Both trade and investment, therefore, combine with more traditional EU development cooperation, worth about €4 billion a year, plus EU member states bilateral programmes, to contribute to the continent’s economic transformation. An integral part of the summit was the Business Forum, which gathered 1,000 businessmen from the two continents.

An increasingly close area of EU-Africa partnership is security. As Ghana’s President John Mahama said, if your neighbour’s house is on fire, you help him to put it out. The growing threat both from terrorism and the collapse of law and order in several states pose a risk to both continents. The EU is the largest funder of Africa’s own peace support operations, as well as the provider of training missions and protective deployments in a number of countries. In Somalia, in Mali and the Sahel, and now in the Central African Republic, the EU and African Union are working hand-in-hand with the UN to combat terror and disorder.

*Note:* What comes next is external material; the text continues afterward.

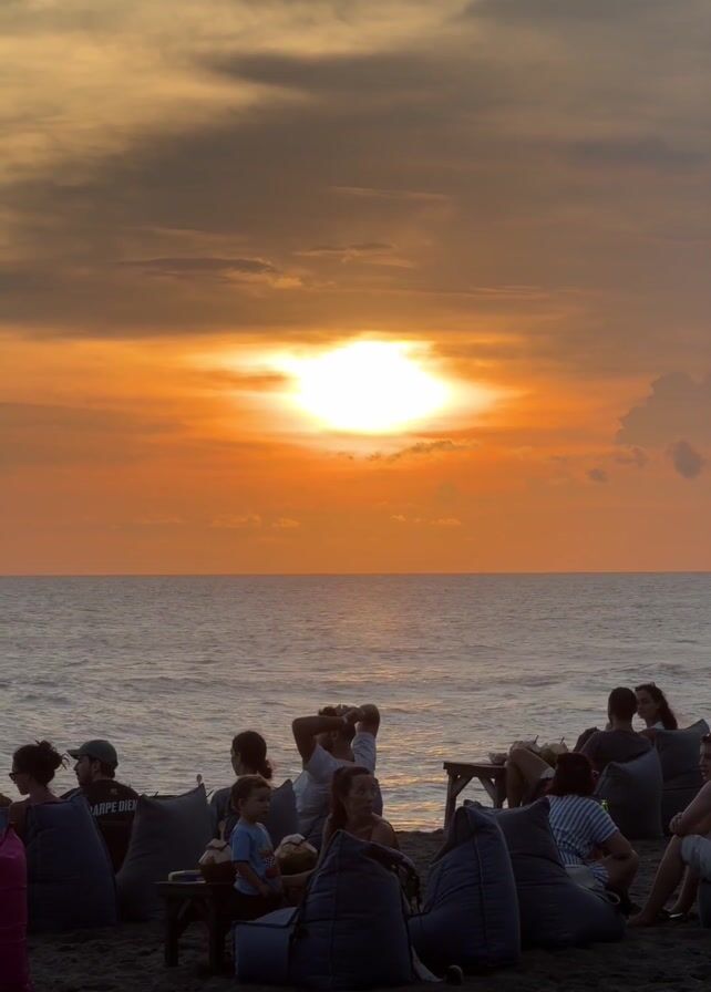 group of people relaxing on a beach at sunset. They are sitting in beanbag chairs, drinking from coconuts and enjoying the view. The sun is setting over the ocean, creating a bright orange glow in the sky. The clouds are dark and dramatic, adding to the overall atmosphere. One person is walking towards the left of the frame. The beach has dark sand.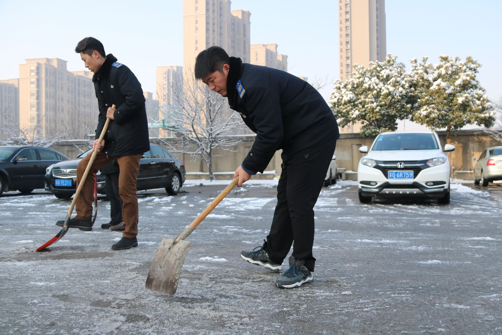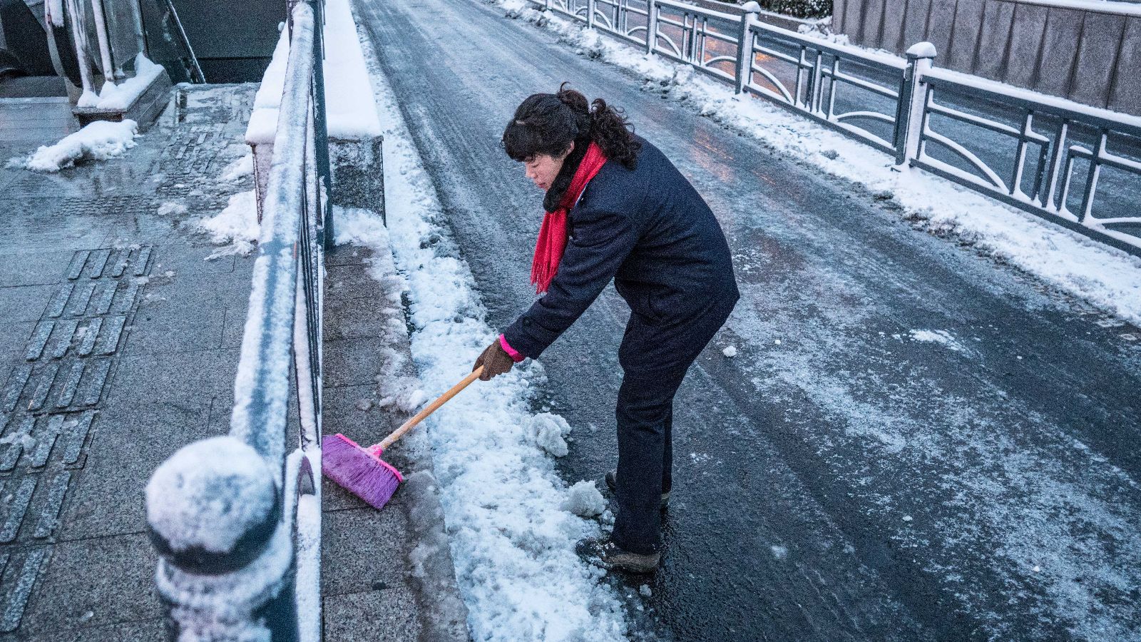 自1月4日凌晨港城飄起雪花后,連云港市公交集團已經(jīng)建立24小時值班制度,保持通訊指揮暢通,并通過微信、QQ、電話等多種方式收集各個公交線路雪情雪量和路面結(jié)冰情況做好應(yīng)急處理。今日(5日)清晨,連云港市公交集團機關(guān)單位和權(quán)屬單位全體員工針對低溫雨雪天氣深入一線,積極協(xié)助快速公交站務(wù)員撒工業(yè)鹽除冰,利用手中有的鐵锨、鏟雪鏟清掃站臺和安全門上的積雪。在大家齊心協(xié)力的幫助下,各快速公交站臺及快速公交車專用車道上的冰雪已經(jīng)清理干凈,順利迎接第一批乘客的到來,有效保障了市民的出行。

The only other partnership that deals with the human and security issues in such depth is that between Africa and the United States. Despite the signing by the US Congress of the African Growth and Opportunity Act in 2000, the trade relationship has declined. Though annual US exports to Africa have stayed steady at more than $30 billion since 2011, imports from Africa have declined from $90 billion in 2011 to $50 billion in 2013. US investment in Africa also lags behind both the EU and China. One of President Obama’s motives in holding the Washington summit was to stimulate a renewed interest in African markets among US businesses.

Even though the US was accused of playing catch-up on Africa, it did illustrate the wider significance of the relationship. The US commitment to help Africa fight terrorism as well as achieve development was clearly reaffirmed by the summit conclusions, with assistance to African security and peacekeeping as well as an increase in development assistance.

For the others – Brazil, South Korea and Turkey – the interest in Africa remains economic. Competition for markets is growing, but from the African countries’ point of view, the potential access to increased investment and trade is welcome. For each partner, the growing economic links will increase their interest in the continent’s stability, likely to be reflected in continued support to achieve that goal.

The reality is that Africa has more freedom and choice than ever before. Money is available – if African countries can guarantee their own stability and economic openness. Far from trying to control them, the world wants African nations to take charge of their own destinies.